▶ TASK OBJECTIVE
Go to the line holding "龙年春节临近,云南昆明新螺蛳" in the data below and repeat it exactly, then each line after it up to and including the one holding "In Deutschland ist". Omit pictures.
======== PROVIDED MATERIAL ========
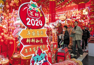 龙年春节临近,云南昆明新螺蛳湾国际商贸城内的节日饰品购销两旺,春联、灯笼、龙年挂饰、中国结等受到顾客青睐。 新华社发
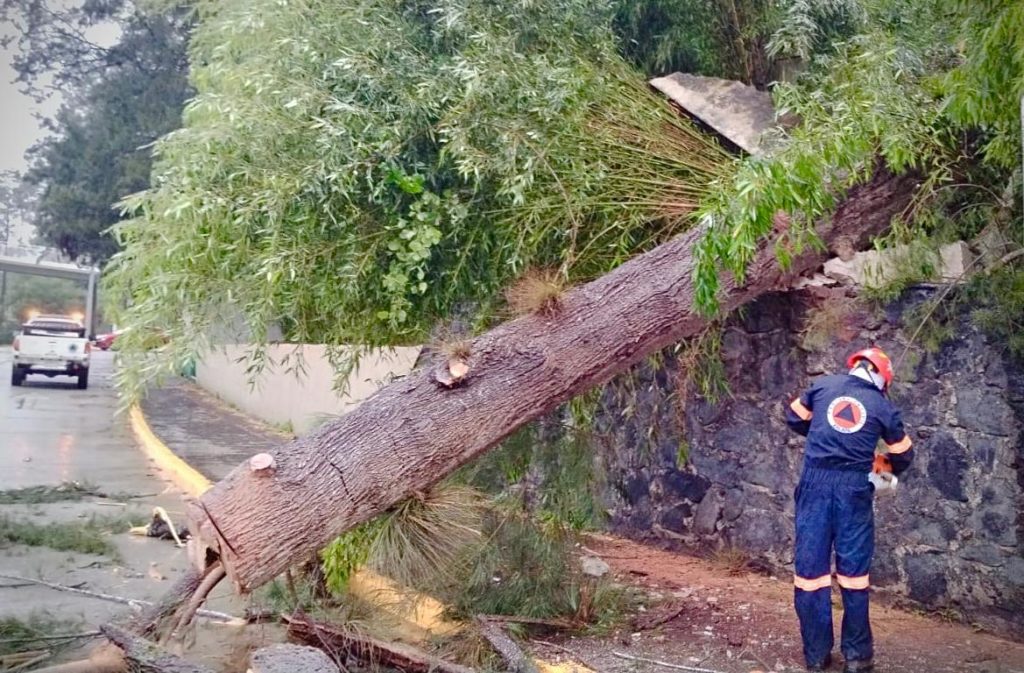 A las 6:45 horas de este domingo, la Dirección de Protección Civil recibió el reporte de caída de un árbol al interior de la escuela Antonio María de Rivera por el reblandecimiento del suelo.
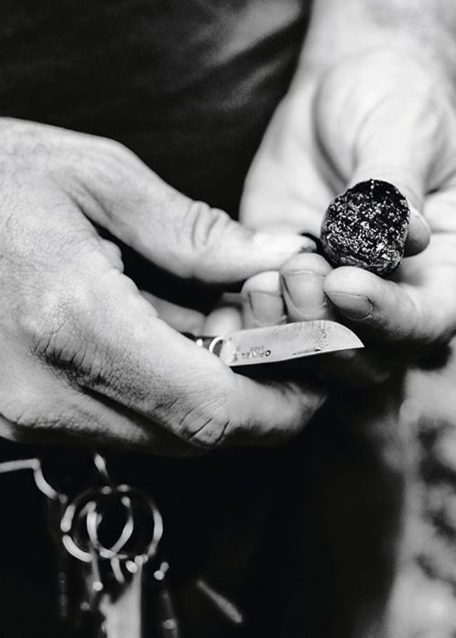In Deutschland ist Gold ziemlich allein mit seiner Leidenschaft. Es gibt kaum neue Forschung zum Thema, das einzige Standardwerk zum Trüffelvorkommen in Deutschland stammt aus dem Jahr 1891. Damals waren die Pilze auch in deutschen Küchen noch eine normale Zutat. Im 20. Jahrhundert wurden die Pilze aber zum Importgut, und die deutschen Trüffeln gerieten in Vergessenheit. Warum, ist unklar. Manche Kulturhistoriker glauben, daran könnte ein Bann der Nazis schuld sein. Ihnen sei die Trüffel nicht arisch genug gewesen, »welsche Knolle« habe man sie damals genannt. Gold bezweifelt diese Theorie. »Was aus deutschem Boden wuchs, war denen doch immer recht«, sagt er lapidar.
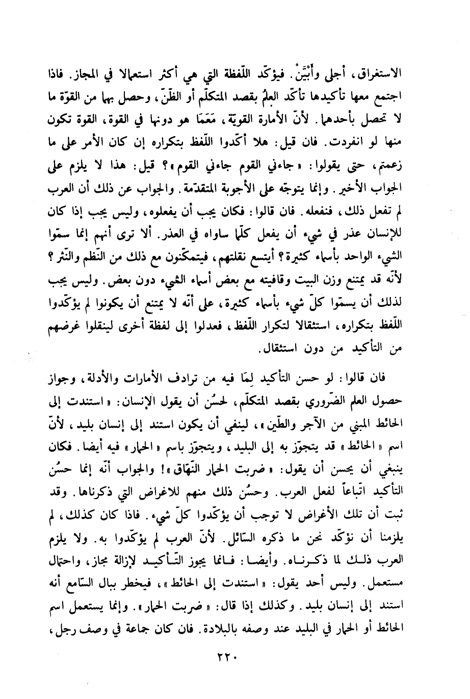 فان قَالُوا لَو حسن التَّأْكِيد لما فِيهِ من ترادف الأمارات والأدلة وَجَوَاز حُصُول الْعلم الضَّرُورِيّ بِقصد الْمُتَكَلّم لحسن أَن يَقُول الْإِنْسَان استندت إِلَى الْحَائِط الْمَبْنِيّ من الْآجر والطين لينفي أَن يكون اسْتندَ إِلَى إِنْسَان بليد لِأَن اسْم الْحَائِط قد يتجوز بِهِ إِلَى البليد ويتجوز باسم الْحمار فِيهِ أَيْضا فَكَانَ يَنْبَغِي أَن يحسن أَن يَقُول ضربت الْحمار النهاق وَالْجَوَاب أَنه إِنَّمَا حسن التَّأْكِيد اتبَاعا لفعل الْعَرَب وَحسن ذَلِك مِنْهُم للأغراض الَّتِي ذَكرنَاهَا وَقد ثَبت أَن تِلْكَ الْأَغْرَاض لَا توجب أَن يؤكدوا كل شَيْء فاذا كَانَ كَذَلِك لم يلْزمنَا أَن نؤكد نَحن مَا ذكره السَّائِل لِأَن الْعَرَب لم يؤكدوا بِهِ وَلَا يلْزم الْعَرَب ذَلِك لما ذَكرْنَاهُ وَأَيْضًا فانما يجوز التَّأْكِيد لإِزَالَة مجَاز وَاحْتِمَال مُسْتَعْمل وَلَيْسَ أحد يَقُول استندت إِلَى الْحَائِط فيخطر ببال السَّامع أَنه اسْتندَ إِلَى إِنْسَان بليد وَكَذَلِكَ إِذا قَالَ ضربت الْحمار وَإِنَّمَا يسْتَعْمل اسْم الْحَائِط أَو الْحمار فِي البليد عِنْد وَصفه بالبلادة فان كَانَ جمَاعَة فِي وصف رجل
========
======== PROVIDED MATERIAL ========
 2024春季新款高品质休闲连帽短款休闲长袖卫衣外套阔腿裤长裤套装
========
▶ SOLUTION
 龙年春节临近,云南昆明新螺蛳湾国际商贸城内的节日饰品购销两旺,春联、灯笼、龙年挂饰、中国结等受到顾客青睐。 新华社发
 A las 6:45 horas de este domingo, la Dirección de Protección Civil recibió el reporte de caída de un árbol al interior de la escuela Antonio María de Rivera por el reblandecimiento del suelo.
In Deutschland ist Gold ziemlich allein mit seiner Leidenschaft. Es gibt kaum neue Forschung zum Thema, das einzige Standardwerk zum Trüffelvorkommen in Deutschland stammt aus dem Jahr 1891. Damals waren die Pilze auch in deutschen Küchen noch eine normale Zutat. Im 20. Jahrhundert wurden die Pilze aber zum Importgut, und die deutschen Trüffeln gerieten in Vergessenheit. Warum, ist unklar. Manche Kulturhistoriker glauben, daran könnte ein Bann der Nazis schuld sein. Ihnen sei die Trüffel nicht arisch genug gewesen, »welsche Knolle« habe man sie damals genannt. Gold bezweifelt diese Theorie. »Was aus deutschem Boden wuchs, war denen doch immer recht«, sagt er lapidar.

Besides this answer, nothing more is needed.